Sometime Highlighted as "context canceled"


(Andrew Wilkins) #7

Thanks. I've opened https://github.com/elastic/apm-agent-go/issues/347 for that.


(Barry Zhong) #8

Hey @axw the "context canceled" one may not be an issue, we are using a wrong context instance, which will be canceled due to http request process complete, inside a forked goroutine. Sorry for that, and the error information is still valuable, since it indicates there is a functional bug. Such as the sql statement running with a canceled context will return unexpected result.


(Andrew Wilkins) #9

For "context canceled", the APM agent can't tell an expected error from an unexpected one. I think expected "context canceled" errors would be the norm, which is why I went ahead and made the change.

In this case would you see an error further up the stack in the business logic?


(Andrew Wilkins) #10

@Barry_Zhong not sure if you saw my reply, just pinging in case you did not.

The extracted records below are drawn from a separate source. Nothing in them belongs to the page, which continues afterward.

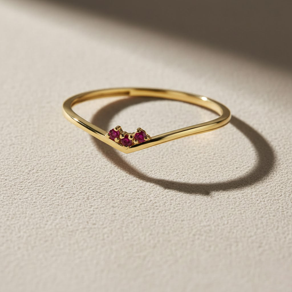 Hems Jewellery 14 Ayar Altın Minimal Tria Yakut Yüzük
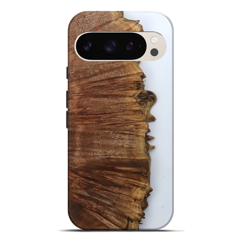 Our Live Edge cases are made from an amazing combination of stabilized wood burl and colored resin. Our stabilization process hardens the wood to protect against cracks and breaks. We do every step of the process at our shop in Northern Indiana. Perfectly fits the Pixel 9 Pro XL.
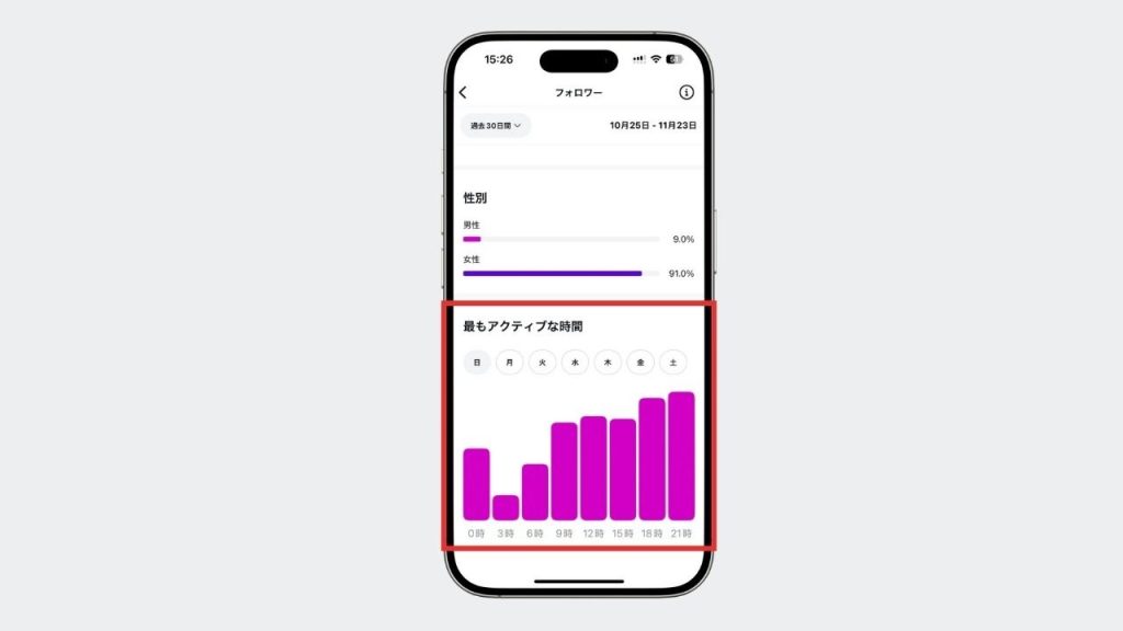 Instagramのインサイトでは、フォロワーの「最もアクティブな時間帯」を確認することができます。

I'd also restate what I said, in case I was not clear. I think in most cases that cancelling context would be intentional, rather than a coding error. Because of that, I think it makes sense to ignore such errors, which are used for control flow rather than to indicate a problem.

In your business logic, i.e. in your cronDeleteTrash code, I think you probably don't expect context to be cancelled - right? So can you instead report logic errors up to APM in that code?


(Barry Zhong) #11

@axw Andrew, thanks for keeping tight communications with us.

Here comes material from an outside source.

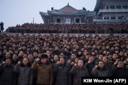 В КНДР прошли массовые демонстрации в поддержку новогоднего обращения Ким Чен Ына, в котором тот рассказывал о ядерной кнопке.
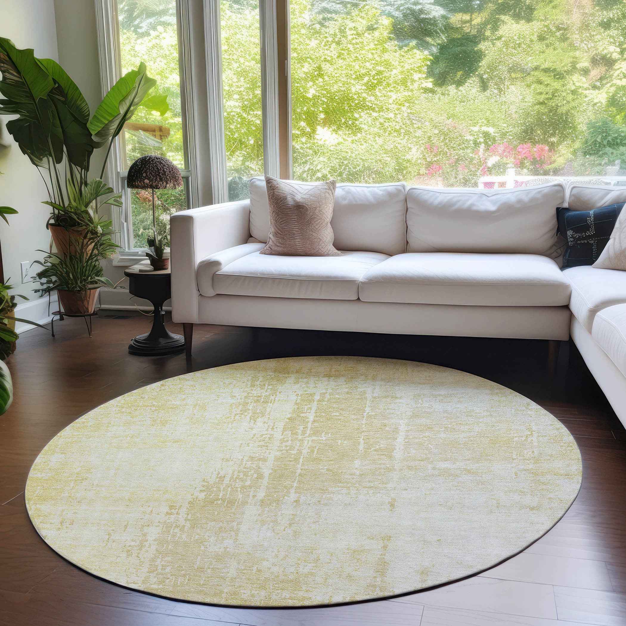 This 8-foot gold ivory and beige round abstract washable indoor outdoor area rug, is a great way to add warmth to a room. This geometric round shaped rug features a abstract pattern in gold, ivory, and beige that combines a good looking print with a unique and updated shape. The mix of shape, color, and design gives this rug refreshing visual interest. Ideal for outdoor spaces or high traffic areas with kids and pets, this rug is made from heavy duty polyester that is stain resistant to help repel water, dirt, and stains. Makes a great way to dress up your patio, porch, or poolside, but also works well as a durable and easy to maintain option in the kitchen, family room, or mudroom. 96-inch h x 96-inch w x 0.19-inch d.

Conclusion: I do not think it is apm-agent-go's issue. It is our developer mis-use a context, which created from another http handler goroutine, which will be canceled very soon.

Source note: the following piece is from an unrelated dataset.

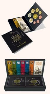 2007 Held van Nederland: Michiel de Ruyter - Geld van Nederland: de goud collectie (I): "De Zeeuwse Tijd" (Eroi dei Paesi Bassi: Michiel de Ruyter - Monete dei Paesi Bassi: la collezione d'oro (I): "Il periodo zeelandese") Versione: Fondo Specchio. Numero di monete: 8. Valori nominali: 2 e 1 Euro; 50, 20, 10, 5, 2, 1 Eurocent (prezzo di emissione in euro: ). 2007 Held van Nederland: Michiel de Ruyter - Geld van Nederland: de goud collectie (II): "De Amsterdamse Tijd" (Eroi dei Paesi Bassi: Michiel de Ruyter - Monete dei Paesi Bassi: la collezione d'oro (II): "Il periodo ad Amsterdam") Versione: Fondo Specchio. Numero di monete: 8. Valori nominali: 2 e 1 Euro; 50, 20, 10, 5, 2, 1 Eurocent (prezzo di emissione in euro: ). 2007 Held van Nederland: Michiel de Ruyter - Geld van Nederland: de goud collectie (III): "Beroemde Zeeslagen" (Eroi dei Paesi Bassi: Michiel de Ruyter - Monete dei Paesi Bassi: la collezione d'oro (III): "Battaglie navali famose") Versione: Fondo Specchio. Numero di monete: 8. Valori nominali: 2 e 1 Euro; 50, 20, 10, 5, 2, 1 Eurocent (prezzo di emissione in euro: ). 2007 Held van Nederland: Michiel de Ruyter - Geld van Nederland: de goud collectie (IV): "Beroemde Schepen" (Eroi dei Paesi Bassi: Michiel de Ruyter - Monete dei Paesi Bassi: la collezione d'oro (IV): "Navi famose") Versione: Fondo Specchio. Numero di monete: 8. Valori nominali: 2 e 1 Euro; 50, 20, 10, 5, 2, 1 Eurocent (prezzo di emissione in euro: 21,95). 2007 Held van Nederland: Michiel de Ruyter - Geld van Nederland: de goud collectie (V): "Belangrijke Eerbewijzen" (Eroi dei Paesi Bassi: Michiel de Ruyter - Monete dei Paesi Bassi: la collezione d'oro (V): "Onorificenze maggiori") Versione: Fondo Specchio. Numero di monete: 8. Valori nominali: 2 e 1 Euro; 50, 20, 10, 5, 2, 1 Eurocent (prezzo di emissione in euro: ). 2007 Held van Nederland: Michiel de Ruyter - Geld van Nederland: de goud collectie (VI): "De Ruyter jaar" (Eroi dei Paesi Bassi: Michiel de Ruyter - Monete dei Paesi Bassi: la collezione d'oro (VI): "L'anno De Ruyter") Versione: Fondo Specchio. Numero di monete: 9. Valori nominali: 10, 2 e 1 Euro; 50, 20, 10, 5, 2, 1 Eurocent (prezzo di emissione in euro: ). 2007 Nationale Collectie (Collezione nazionale) Versione: Fondo Specchio. Numero di monete: 9. Valori nominali: due volte 2 e una volta 1 Euro; 50, 20, 10, 5, 2, 1 Eurocent (prezzo di emissione in euro: 57,50). | |||||||||||||||||||

Indication: it seems that not every golang programmer uses Context in a right manner. I am not even a golang programmer :stuck_out_tongue_winking_eye:

One thing bothered me a lot is, when I want to apply apm-go-agent into our golang application, I had to face those unknown rabbit holes, and people felt nervous to lift apm as a production solution :(.


(Andrew Wilkins) #12

@Barry_Zhong thanks for your reply.

Conclusion: I do not think it is apm-agent-go's issue. It is our developer mis-use a context, which created from another http handler goroutine, which will be canceled very soon.

Indication: it seems that not every golang programmer uses Context in a right manner. I am not even a golang programmer :stuck_out_tongue_winking_eye:

OK. I think what might help is if we publish some more in-depth examples covering a variety of coding patterns, such as goroutine pools like you have in your application. The focus of these examples would be (a) when/how to report transactions, spans, and errors, and (b) how to propagate context.

I have opened https://github.com/elastic/apm-agent-go/issues/385 to track this.

One thing bothered me a lot is, when I want to apply apm-go-agent into our golang application, I had to face those unknown rabbit holes, and people felt nervous to lift apm as a production solution :(.

Understood, and I'm sorry it hasn't gone smoother. I hope the value you're seeing outweighs the difficulties you've encountered so far.

Don't hesitate to reach out again if you run into any other issues. This is how we can make it better! :slight_smile: